11. 16. 2015. 12:19

A Martian's guide to Budapest

"One fine day a Martian turned up in Budapest, took a room in the Bristol Hotel, brushed the stardust from his suit and telephoned to inquire if I might show him round the town." A Martian’s Guide to Budapest is Antal Szerb's "whimsical and gently ironical love letter to the city."

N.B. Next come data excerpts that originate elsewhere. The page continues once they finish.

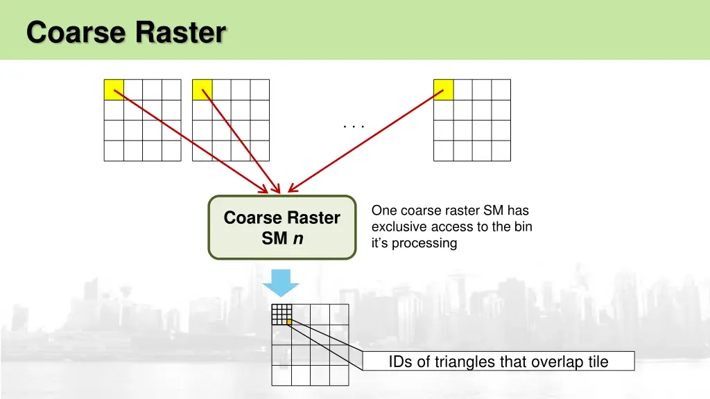 Coarse Raster . . . One coarse raster SM has exclusive access to the bin it s processing Coarse Raster SM n IDs of triangles that overlap tile
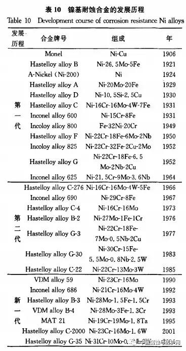 3.2國內(nèi)概況 我國自20世紀50年代開始仿制、改進國外牌號的鎳基合金,到70年代末已有10多種牌號。80年代以后,研制有了較大進展并有了一些新牌號的鎳基合金。1984年重慶儀表材料研究所根據(jù)苛刻環(huán)境下工業(yè)過程檢測與控制儀表對耐蝕合金的需要,研制出了Ni-Cr-Mo耐蝕合金,定名為3YC24合金。1986年鋼鐵研究總院發(fā)明了適用于沸騰氫氟酸液、氣相和濕氯、濕氟以及鹽酸和硫酸等苛刻腐蝕環(huán)境的鎳基耐蝕合金,特別是在沸騰氫氟酸中,其耐蝕性比Hastelloy C-4和Hastelloy C-267提高J,100倍。1994年公布的鎳基耐蝕合金牌號有23種、高溫合金牌號有24種。部分牌號與國際牌號的對應如表11所示。 國內(nèi)Monel合金的使用較少,特別是Monel合金閥門幾乎全部靠進口。錦州鐵合金股份有限公司開發(fā)了可替代進口產(chǎn)品的Monel合金。Inconel 600在我國的生產(chǎn)和應用尚處于起步階段,應用范圍有限,僅限于少數(shù)引進設備及零部件。中國化學工程第十四建設公司承建的浙江衙州臣化(集團)公司氟化工程,部分工藝管道采用了美國進口的In-conel 600合金管道。為了打破發(fā)達國家的壟斷,四川川投長城特殊鋼股份有限公司成功地開發(fā)出Incoloy 800、Incoloy 800H、Inconel 625、Inconel 690、NSl41等耐蝕合金的板、管等犁材。 4展望 鎳基耐蝕合金因其良好的力學性能、加工性能及耐腐蝕性,越來越廣泛地應用于工業(yè)領域。我國有豐富的鎳資源, 隨著經(jīng)濟的快速發(fā)展,鎳合金將保持旺盛需求。因此,鎳基合金的研究開展對充分利用金川集團公司鎳鈷資源的優(yōu)勢、拓寬公司特種合金材料廠的產(chǎn)品領域、提升企業(yè)在鎳合金制品深加工領域的能力、擴大產(chǎn)品的市場覆蓋面具有重要的經(jīng)濟和實用意義。筆者認為今后鎳基耐蝕合金應在以下幾個方面加強研究。 (1)應加快開發(fā)新型鎳基耐蝕合金,加強對其應用領域拓寬的研究; (2)針對工程領域,深入研究相關工業(yè)設備制造的成型、焊接、熱處理等關鍵工藝參數(shù); (3)研究更多復雜、苛刻腐蝕條件下的腐蝕行為與機理。 |
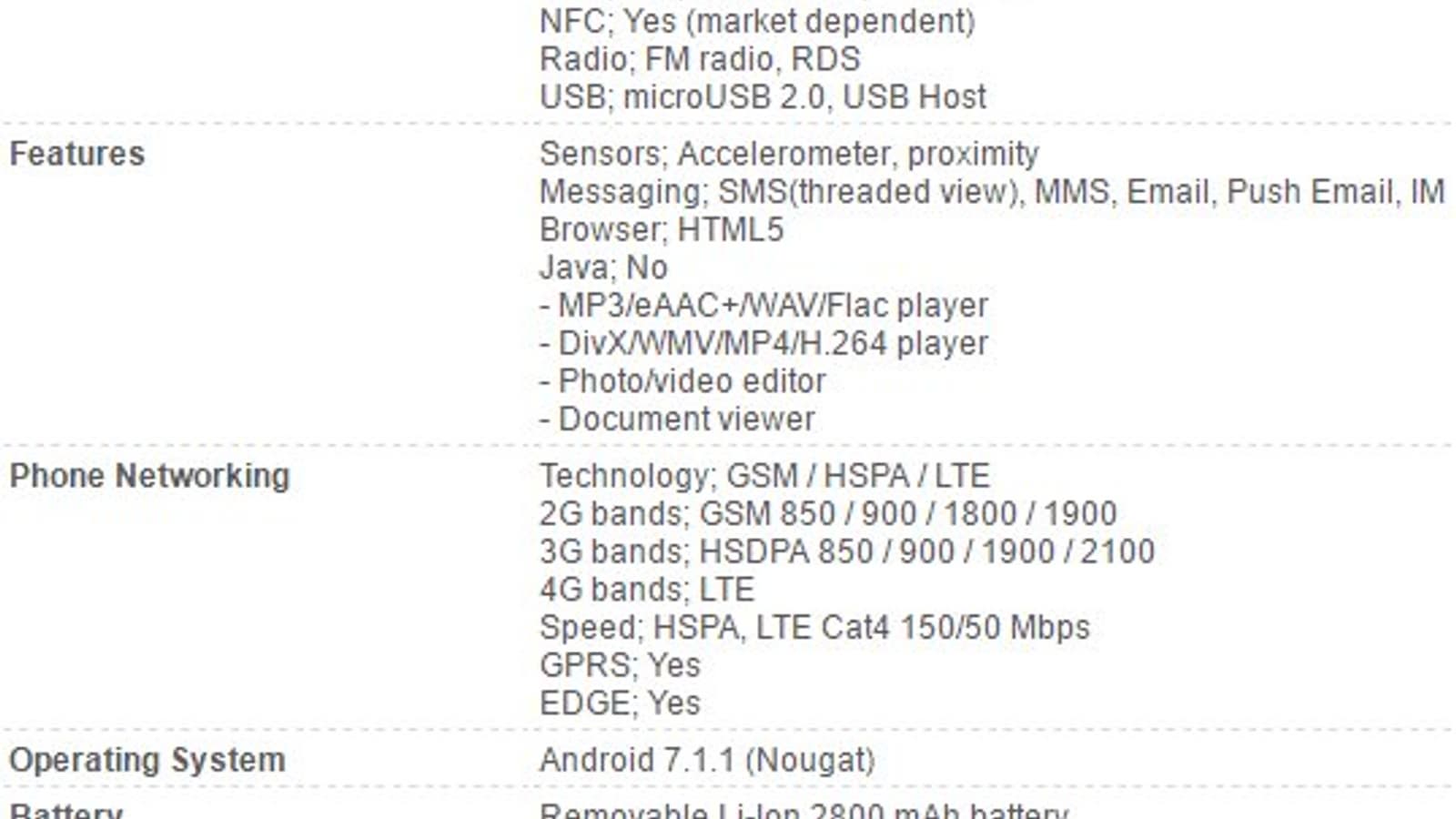 Смартфон оснащен аккумулятором емкостью 2800 мА•ч, он работает под управлением операционной системы Android 7.1.1. Камеры имеют разрешение 8 и 5 Мп. Версии для некоторых рынков получат модуль NFC.
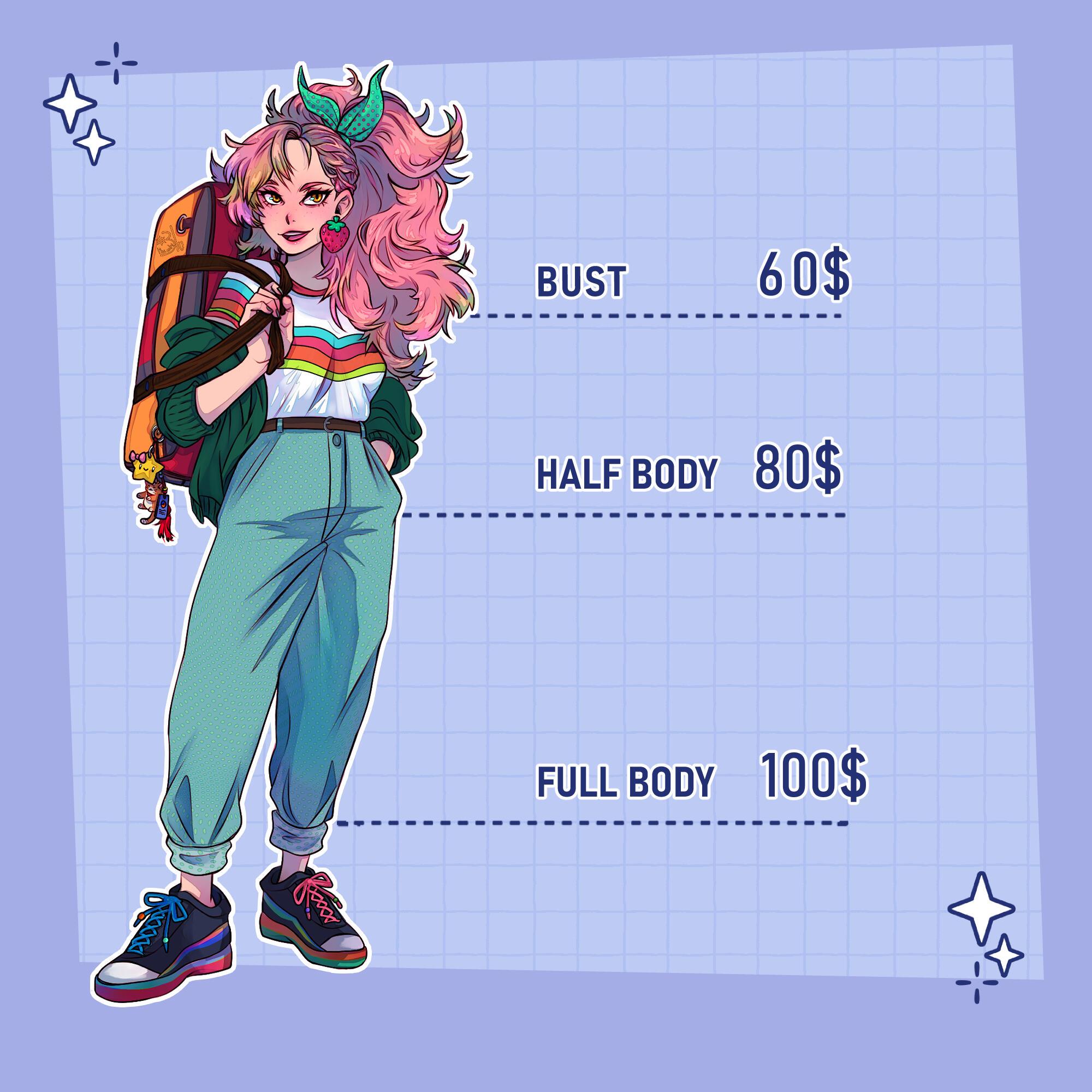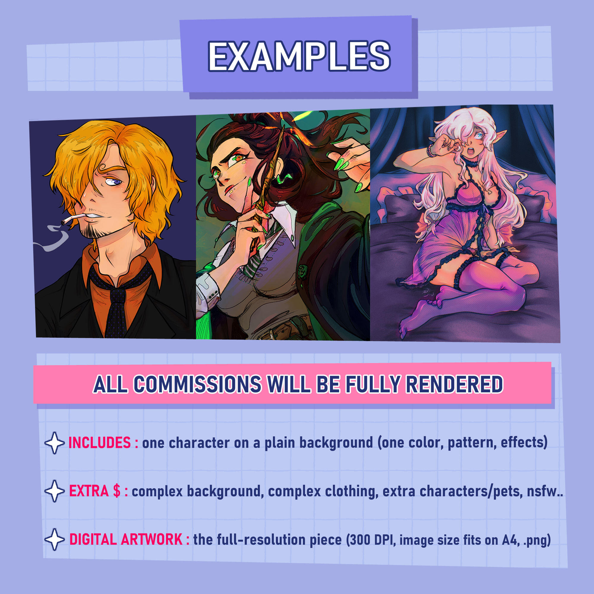 *All prices are base price. If you wish to have a very detailed character, multiple characters, complex background, nsfw art pieces... it will cost some extra.

PALACE GARDENS. We could go up in the cable car, but there’s no need, as we are already travelling there in the mind. No need to be alarmed by the Turul: he’s never harmed anyone. He’s a serious old bird, in full Hungarian regalia, leaning forward slightly, like the fiery orators in our Parliament. He watches over the Palace Gardens. When I was little, you could go in on Sunday afternoons. I found this very moving, because I imagined that the King himself had invited us, as his own children. But then, during two appalling and apocalyptic months in the life of the country, a notice was put up: "Everything belongs to us." Meaning: "Nothing belongs to anyone now." The city had gone to the dogs. But now all that’s in the past. The one good thing was that you could now get into the Palace Gardens at any time of the day. And in we went, and stayed there the whole day. Here at least production had not been collectivised. The trees delivered their delectable scents on a strictly individualist basis, in memory of the Palatine. It was here that I waited for the coming of the Prophet. (As I say, those were apocalyptic times, and for many reasons I am not sorry to have lived through them.) I imagined us all suddenly setting off downhill, hand in hand like children, singing the lánc-lánc-eszterlánc song—the song that was to resolve everything. Women standing on balconies would roll out their newly-beaten rugs and weep, the lions of the Chain Bridge would bound up to us like enormous shepherd dogs, the whole Pest embankment would become one great orchestra, the ships and the Parliament building would suddenly sprout little flags, and herds of cattle, their udders bulging with milk, would stream in from the ring roads with banners between their horns proclaiming: Peace to Mankind.

Budai Hegypálya (Sikló), lenn a Clark Ádám tér.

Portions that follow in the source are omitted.